3.3.3. Modifications

The existing YOLOv4 showed effective performance for the task of object detection, however, it has many parameters and a complicated network structure, which makes it computationally expensive. In the proposed study, we modify the architecture and training procedure of the YOLOv4 model for object detection.
  • Architecture modifications:
Backbone Network: YOLOv4 commonly uses the Darknet-53 backbone, however, we explored using ResNet-101 as the backbone to extract features. The input tensor X was processed through a convolutional layer with filters of size 7 × 7 and stride 2, followed by batch normalization and ReLU activation. To decrease the spatial dimensions, max pooling with a pool size of 3 × 3 and stride 2 was used. The residual blocks are stacked to generate feature extraction.
Spatial resolution: In order to identify objects of various sizes, we changed the size of the grid. We also modified the network’s downsampling rate and the size of the input image.
Anchor boxes: Anchor boxes were used by YOLOv4 to predict the sizes and positions of objects. Based on the attributes of our dataset, we modified the aspect ratios and scales of anchor boxes.
Model pruning: Model pruning was used to reduce the size and complexity of a trained model without significantly reducing its performance. We applied various pruning approaches, such as weight pruning, neuron pruning, channel pruning, iterative pruning, and layer-wise structure pruning. Using the channel pruning techniques, we located and removed unnecessary channels from the network along with the input and output interactions. Channels with high contributions are kept, while channels with low contributions are eliminated, according to the distribution of the Gamma coefficient and the desired pruning rate. Neurons from channels with lower contributions are not included in the connections during the connection step. Figure 2 represents the results of the proposed model.
Figure 2. Object detection by the proposed model.
2.
Training modifications:
Data augmentation: Use a variety of data augmentation methods to enhance the diversity of our training data, such as random cropping, flipping, rotation, and scaling.
Hyperparameter tuning: To improve the performance of the model, experiment with various learning rates, batch sizes, optimizer settings (such as Adam, SGD), and regularization methods (such as weight decay and dropout).
Transfer learning: Starting with pre-trained weights on a big dataset (such as MS COCO), we are able to fine-tune the model using our target dataset. This strategy aids in the model’s faster convergence and improved performance.

3.4. Model Training

The training images and the associated annotations were loaded and preprocessed using a data loader. Set the learning rate, optimizer, batch size, and number of epochs for the training procedure. Pass the training data through the model, calculate the loss, then update the weights using backpropagation. Analyze the loss and other indicators as the training progresses. Iterate through the training data and repeat the process for several epochs.
Evaluation: Periodically assess the model’s performance on a validation set using measures such as accuracy, average precision, recall, and F1 score. To enhance the performance of the model, modify the hyperparameters and training scheme following the evaluation results.
Model saving: Save the trained updated YOLOv4 model weights and settings for future usage and deployment.
The model was trained for 4000 iterations with a loss error rate of 0.0730 and a mean average precision (mAP) of 0.97. The experiments of the proposed work’s experiments are implemented using Python 3.6 and PyTorch 2.0. The training was conducted on a computer equipped with an Intel Core i9-7900X processor, 128 GB of RAM, 2 Nvidia Titan V graphics cards, and CUDA 9.0. The dataset was randomly divided into training (80%) and testing sets (20%). Table 1 outlines some of the parameters used in the experiment for training YOLOv4 with ResNet-101.
Table 1. Parameters of YOLOv4_Resnet101 for object detection.
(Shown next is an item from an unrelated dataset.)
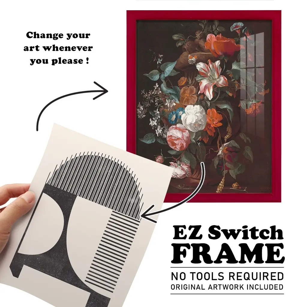 Unknown Space IV -EZ SWITCH Framed Print w/glass-Cherry Red A delightful, framed print. Featuring a solid wood frame with real wood glass. This premium print is giclee quality. In addition, every frame features a removable back and table top stand. This allows you to change your art in the future or to just stand the art on a table for a new look. We are sure you'll enjoy our new series of EZ SWITCH Framed Art. Solid Wood Frame Real Glass Removable / Replaceable Art Built in Tabletop Stand Sizes range from 4x6 up to 12x15 - buy just one or pair them up as sets as you see fit.
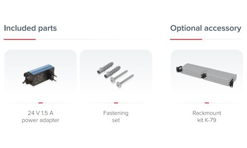 Procesor i přepínací čip jsou umístěny na spodní straně desky - takže kovový kryt funguje jako pasivní chladič. Díky svým kompaktním rozměrům lze do jednoho 1U slotu namontovat 4 tyto routery (Rackmount kit K-79, samostatný produkt).

3.5. Text-to-Speech Conversion

The combination of text-to-speech conversion technology with object detection attempts to convert observed objects into audio-based messages that visually impaired users may perceive. This combination improves accessibility and comprehension of objects in the environment. The method of combining text-to-speech conversion with object identification is described in the steps that follow.
Text Generation: Once objects have been discovered, the following step is to generate text descriptions for each detected object. This is accomplished by employing predetermined textual descriptions linked to each class label.
Speech Conversion: Using speech synthesis techniques, the resulting written descriptions of the observed items are translated into speech. The synthesized speech, which represents the written descriptions of the items, is heard through headphones. Using the pyttsx3 library, we converted text to voice in Python by setting the speech rate (‘rate’, 150).

4. Results and Discussions

The proposed model, YOLOv4_Resnet101, was tested using the MS COCO dataset. This dataset comprises a wide range of images with labeled object categories, allowing the model to learn from a large number of examples. Training the model on a big and diverse dataset, such as MS COCO, allows it to generalize better to real-world settings, resulting in improved accuracy. After 4000 iterations of training, the model obtained an average precision of 95.6%, recall of 97.10%, and F1 score of 96.34%, indicating a strong performance in detecting and localizing objects in the images. The achieved accuracy demonstrates the model’s ability to accurately recognize and categorize objects found in images. Additionally, the model had a low loss error rate of 0.073%, demonstrating that it was successful in learning to capture the intricate visual patterns required for precise object recognition. The proposed YOLOv4_Resnet101 model achieved the maximum training accuracy of 99.03% for person detection, followed by trucks with an accuracy of 99.01% and automobile detection with an accuracy of 98.17%. The model consistently demonstrated outstanding accuracy for the various categories of objects listed in Table 2. The proposed model achieves an overall mean average precision (mAP) of 96.025%, emphasizing its outstanding performance in reliably recognizing and classifying objects in the dataset. The proposed scheme benefits from the ResNet-101 backbone network’s deeper design and increased feature extraction capabilities. This improves the encoding and comprehension of complicated visual patterns, leading to increased accuracy in object recognition tasks.
Table 2. Category-wise accuracy of the proposed model.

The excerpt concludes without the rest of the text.